The argument against multi-institutional (central) repositories is (a)
that multi-institutional entities (notably, funders) cannot mandate
the deposit of all institutional research output (because not all
research is funded), (b) that central deposit mandates compete with
instead of reinforcing institutional mandates (eliciting resistance
from authors facing the prospect of having to do double-deposits), and
(most relevantly here) (c) that the size and success of a repository
can only be evaluated and compared in relation to the size of that
repository's total target output: And although there are differences
among institutions in the size of their own total output (which can
and should be weighted to normalize it and make it comparable), the
differences in size between institutions and multi-institutions is the
difference in size between the number of apples and the number of
fruit. (The denominator fallacy.)

Multi-institutional (central) repositories' content would have to be
weighted by the output of all their actual and potential target
institutions and the total target content of each, in order to make
multi-institutional rankings comparable to those of individual
institutions. RWWR is not doing that kind of weighting -- nor would it
be easy to determine those weightings for each kind of
multi-institutional repository, though it may eventually be possible
to estimate in principle. If it were done, however, there would hardly
be any need for two rankings (for repositories vs. institutional
repositories).

What would be clear from a proper denominator-weighted ranking of
institutional and multi-institutional repositories is that, contrary
to what Chris has argued, it is not at all true that the
multi-institutional repositories are bigger or more successful in
collecting their respective total target contents. Rather, it makes
much more sense for both institutions and funders to mandate that
researchers deposit in their own institutional repository -- from
which multi-institutional collections could then be automatically
harvested. (It would then be redundant to try to compare their
relative success, as one would clearly derivative from the other.)

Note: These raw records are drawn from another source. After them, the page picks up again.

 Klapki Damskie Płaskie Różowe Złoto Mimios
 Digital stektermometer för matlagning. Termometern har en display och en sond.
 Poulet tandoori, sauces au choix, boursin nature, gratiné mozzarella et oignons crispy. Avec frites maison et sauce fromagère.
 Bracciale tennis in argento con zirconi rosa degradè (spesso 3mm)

For management and sustainability, local institutional deposit and
central harvesting is the complementary -- and optimal -- solution.
But first the primary content-provision problem has to be solved,
otherwise there is next to nothing to manage and sustain!

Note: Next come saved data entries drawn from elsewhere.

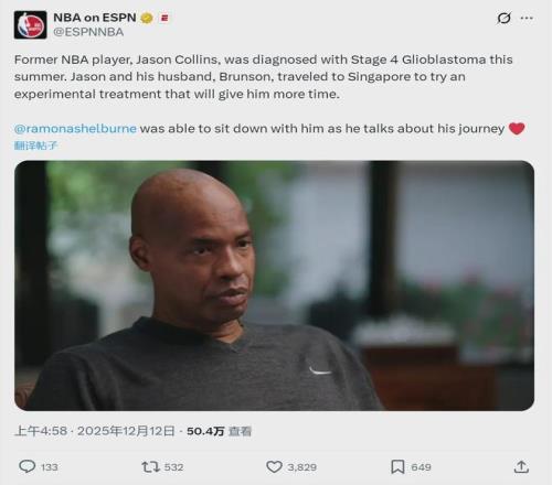 北京时间12月12日,据ESPN报道,NBA宣传大使、前篮网中锋贾森-科林斯被诊断出患有四期胶质母细胞瘤。脑癌四期(IV期)是脑癌中最晚期,科林斯的生命只剩下12个月左右。科林斯和丈夫布伦森-格林前往新加坡,尝试一种新疗法。
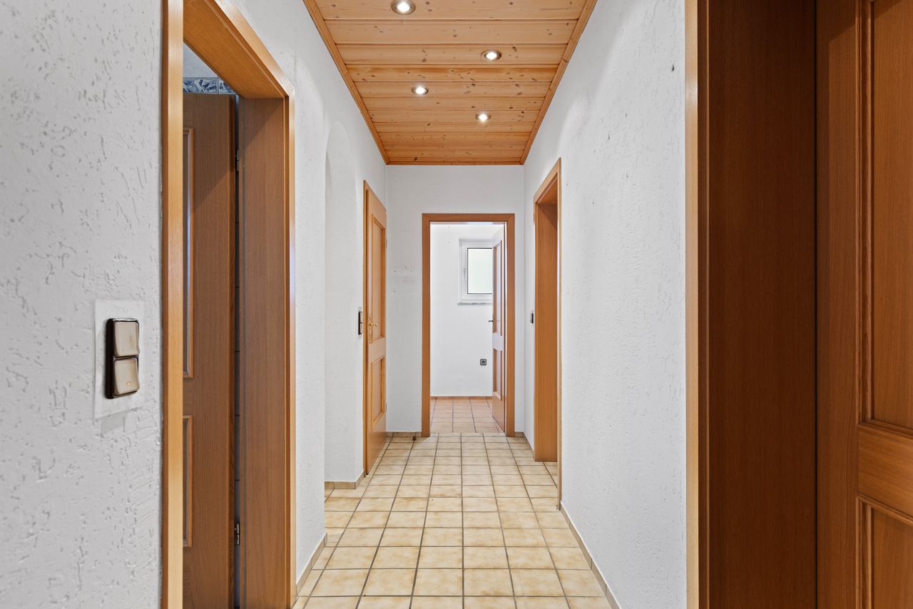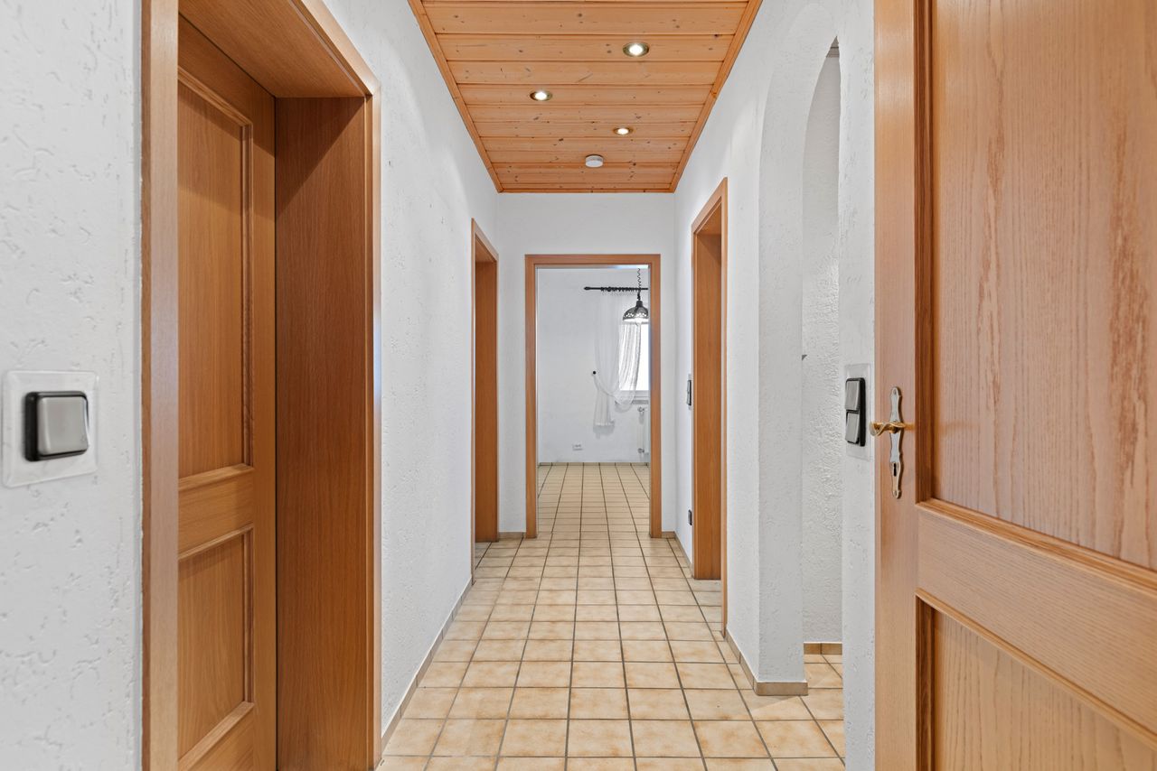 + Die Flure / Dielen sind gefliest, ebenso die Badezimmer.
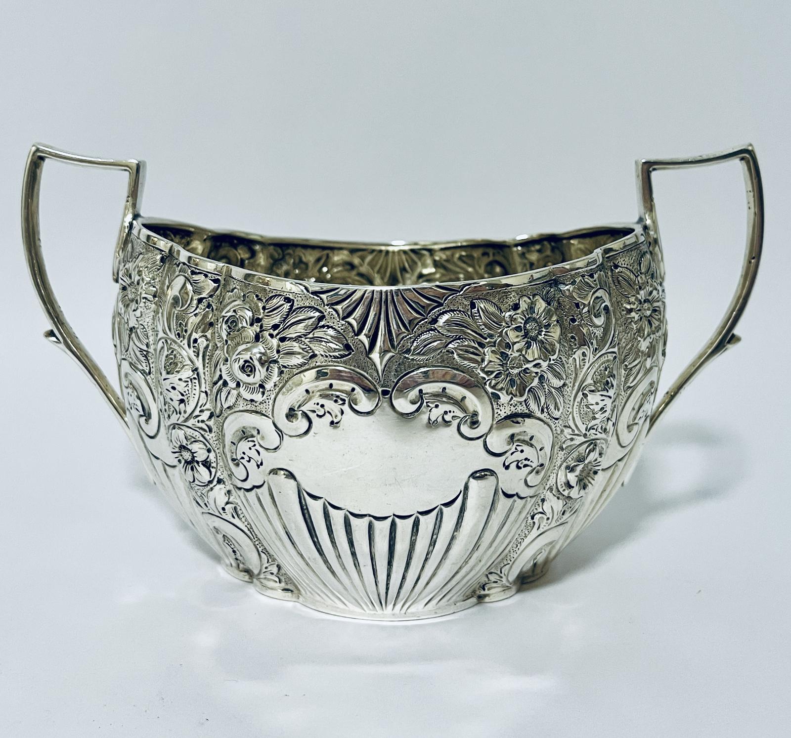 A good example of a large antique sterling silver sugar bowl with two handles. It is decorated with beautiful repousse foliate decoration and two vacant cartouches and gadrooned detail. The bowl is stylish and good quality, weighing approximately 303g. It is clearly hallmarked for London, 1897 and the maker W&C Sissons. The best description comes from the photos so please look at them all carefully and if you have any questions just ask.

> how about also deleting No 10 because it is only a departmental repository?

A departmental repository, in contrast, is *sub-institutional* rather
than multi-institutional. Hence, unless there is to be a separate RWWR
ranking of the top 800 *departmental* mandates, there is no harm in
listing the departmental repositories among the institutional
repositories -- *except* if the university has both an institutional
and a departmental repository, *and* the contents of the departmental
repository are also a proper subset of the contents of the
institutional repository, hence double-counted.

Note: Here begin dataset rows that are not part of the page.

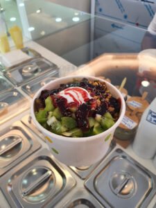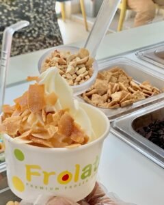 Frolato is a vibrant frozen yogurt shop that will satisfy all your cravings for a cool and creamy treat. Step inside this trendy spot and you’ll be greeted by a cheerful atmosphere and a delightful aroma of freshly made frozen yogurt. Frolato serves Frozen Yoghurt, Smoothies, raw fruit and vegetable juice. Consider for snack, lunch or breakfast Located at the Marina Mall, Airport City, Accra.
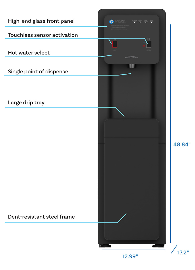 Featuring a large, 2.1 gallon cold tank, it purifies and holds plenty of water for your typical workday, making it an ideal source for fresh-tasting water in shared workspaces for about 50 people. It keeps your workplace hydrated, electrolyte-boosted and safe. For purification, the PW70 uses a 5-stage filtration process that removes sediment, chlorine, bacteria while oxygenating water for the freshest taste possible and adding a little boost of electrolytes at the end!
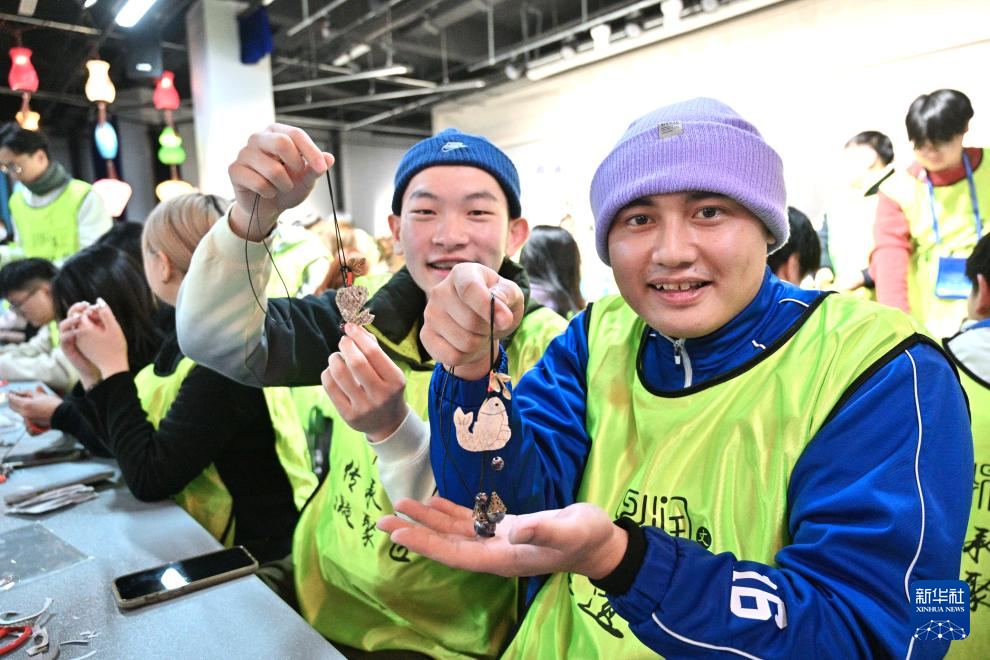 1月24日,冬令营营员罗正浩(右)和张畯在吉林省松原市鼎润文化创意产业园展示他们制作好的鱼皮项链。
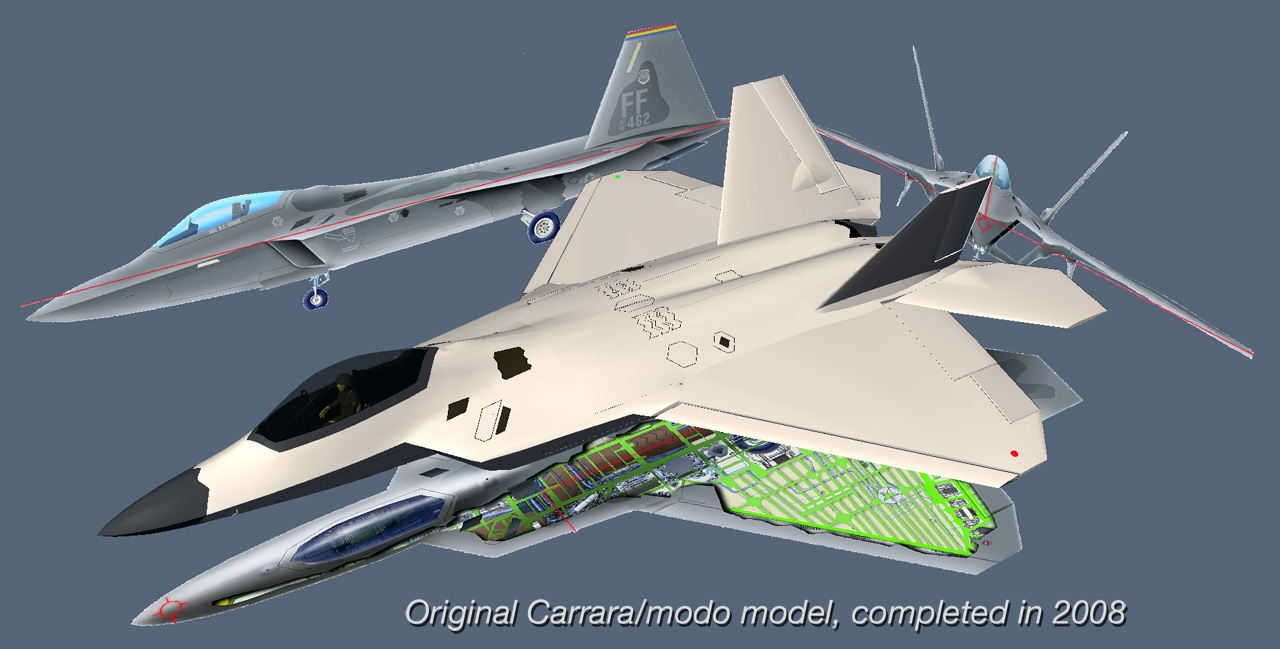 My original model was built in 2007, using Carrara 4. When I switched to MODO in 2008, it was the first model I updated, and that definitely improved the quality. I live in Anchorage, Alaska, where we have two squadrons of F-22's, based at Elmendorf Air Force Base. So, I've seen the flight demonstrations by Major Paul "Max" Moga and others. and have photographed the aircraft at several Elmendorf displays. In addition to that, there are now many more photos of the aircraft available on the web, so my documentation has greatly improved.

This is not the case in the instance of ["institutional"] repository
#10, University of Southampton School of Electronics and Computer
Science, whose contents are *not* part of institutional repository
#27, University of Southampton. Rather than resulting in an inflated
ranking for Southampton, this actually results in a *lower* ranking.
The joint RWWR ranking of the integrated institutional repository
would be higher for Southampton. (That said, with a properly weighted
denominator, separately tagged departmental repositories would be
useful at this time, to compare the relative success of
institution-wide mandates vs. departmental/school/faculty mandates --
i.e., Arthur's Sale's "patchwork mandate" strategy:
http://bit.ly/Patchwork-Mandate .)

> Also, it is a
> bad idea to define repositories as institutional only if they restrict
> themselves to the output of a single institution. We already have too many
> repository managers who succumb to this kind of institutionalist logic - and
> reject OA content only because it is not from their own institution.

If only the problem were that of an overflowing cup, with so much OA
target content that it needs to be rejected!

Chris has the OA content problem completely upside-down! The problem
is that not enough of each institution's own OA target content is
being deposited, anywhere -- not that institutions are declining to
host the output of other institutions. (It is only Chris's
central-repository preoccupation that makes him imagine that the
latter is the problem.)

What's missing is not repositories to deposit in, but *mandates to
deposit*. The solution is for institutions and funders to mandate
institutional deposit of all content, funded and unfunded, across all
disciplines -- and then, if desired, to harvest that content into
various central collections, by discipline, funder, language or
nation, as desired. Institutions are the universal providers of all
that content; they are also the natural locus for deposit mandates.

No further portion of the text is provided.